Theoretically, I can determine the best combination of sources for 2012 through a regression test.  For instance, the ideal formula for combining 2012 Steamer + ZiPS hitter projections (based on comparing actual vs. projected RCL team values) is:  8.284098+.377763*Steamer + .642084*ZiPS.  That results in a 42.6% correlation whereas using Steamer alone was at 41.7% and ZiPS was at 41.5% (see Test #2).  You could go even further and determine the best formula for every stat category and…

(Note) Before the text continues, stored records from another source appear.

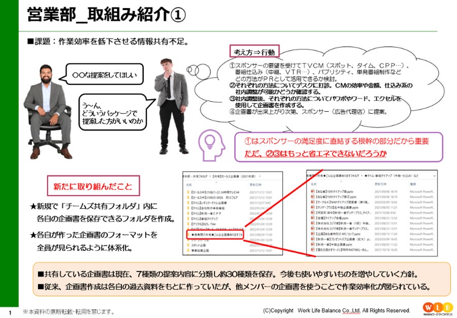 たとえば、制作部では「物が多い・備品がどこにあるか分からない」という課題を解決するべく、「オフィス環境の整備」という取組みを実施しました。さらに番組制作にかける作業時間が長いという課題に向き合い、業務・作業時間の棚卸、情報共有方法の改善、番組コーナーの見直しなど取組みを進めました。また、営業部では、「競合案件で勝つための経験値が部全体で蓄積されていない」という課題を解決するべく、勝ち案件、負け案件の要因を学ぶ営業勉強会という取組みを実施しました。さらに営業スキルの属人化という課題に向き合い、汎用性のある企画書の共有周知という取組みを進めました。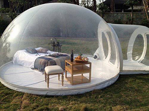Se vi siete innamorati dell’hotel finlandese a forma di Igloo in vetro amerete allora, e forse perfino di più, questa tenda. La tenda è prodotta dalla Holleyweb ed è una tenda gonfiabile. E’ realizzata in PVC ed è simile ai palloni del bubble soccer: deve essere gonfiata ad ogni utilizzo. Ha però un pre-ingresso che consente di entrare ed uscire senza azionare ogni volta il ventilatore di gonfiaggio.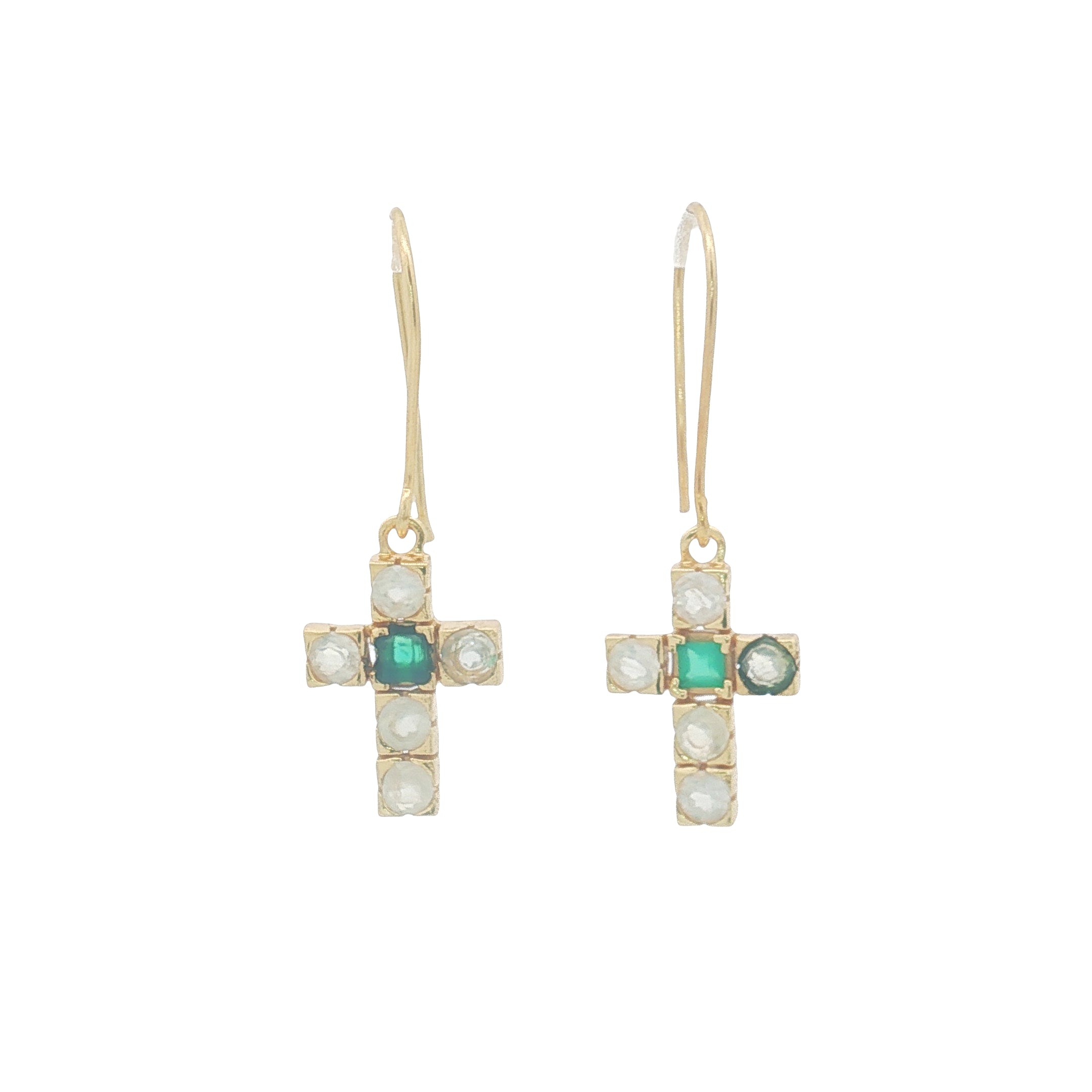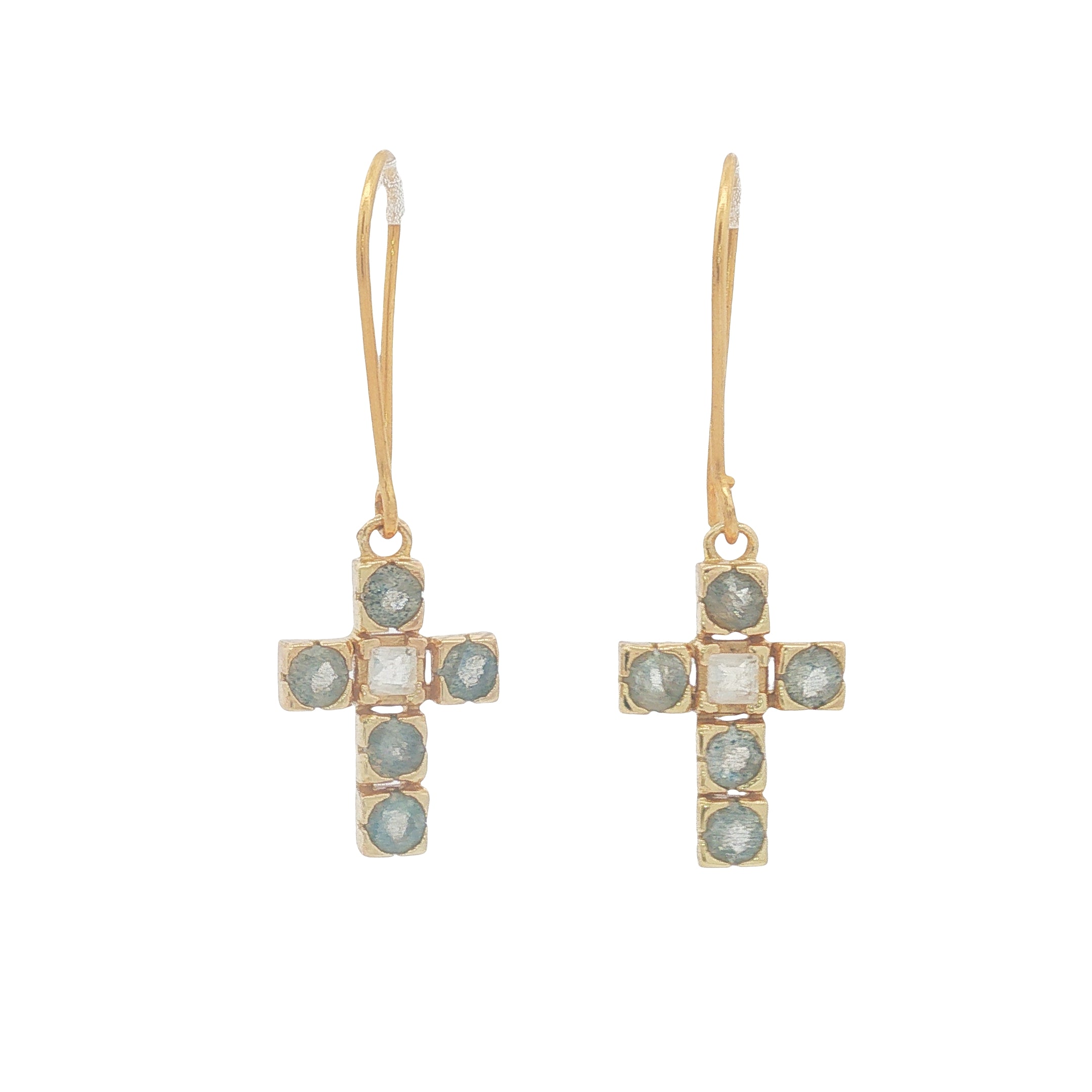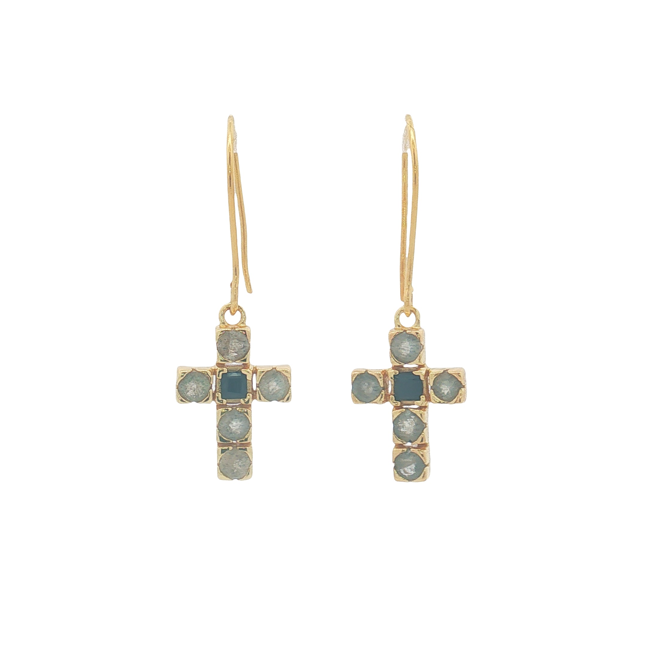 Boucles d'oreilles dorées croix avec pierres

Yeah, that’s a crazy person path that I am not going down.  Not only is it a case of diminishing gains but it is highly doubtful that the regression formula for 2012 will magically work in 2013.

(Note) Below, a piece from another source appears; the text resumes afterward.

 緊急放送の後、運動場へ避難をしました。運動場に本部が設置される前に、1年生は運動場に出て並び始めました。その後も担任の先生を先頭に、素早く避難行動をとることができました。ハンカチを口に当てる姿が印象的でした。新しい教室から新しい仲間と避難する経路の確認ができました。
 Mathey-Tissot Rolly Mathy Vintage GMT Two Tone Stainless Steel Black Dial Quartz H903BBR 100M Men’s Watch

So here are the results from a simpler test that just averages two top sources for Tests #2 and #3 to see if there are any benefits to averaging two sources:

  • Hitting Performance:  CAIRO – 42%, Steamer – 41.7%, CAIRO/Steamer – 42.5%
  • Hitting Playing Time:  Baseball Prospectus – 52.6%, Fantistics 51.6%, BP/Fantistics 53.4%
  • Pitching Performance (ignoring Save pts) – CAIRO – 23.4%, Steamer 23.9%, CAIRO/Steamer 24.6%
  • Pitching Playing Time (ignoring Save pts) – Baseball Prospectus – 51.1%, Fantistics – 51.1%, BP/Fantistics 51.6%

In all four cases, the averaged estimate increased about a percentage point.  So there does appear to be some benefit to averaging two sources – as long as those sources both performed well.  For instance, in 2012, I used 67% Steamer, 33% ZiPS for my Point Shares pitching performance and ended up with a 51.8% correlation whereas just using Steamer would’ve netted 52.8% (ZiPS was at 45.9%).

I did not do any tests on averaging 3+ systems but I would guess that it would just as likely hurt accuracy as it would help accuracy.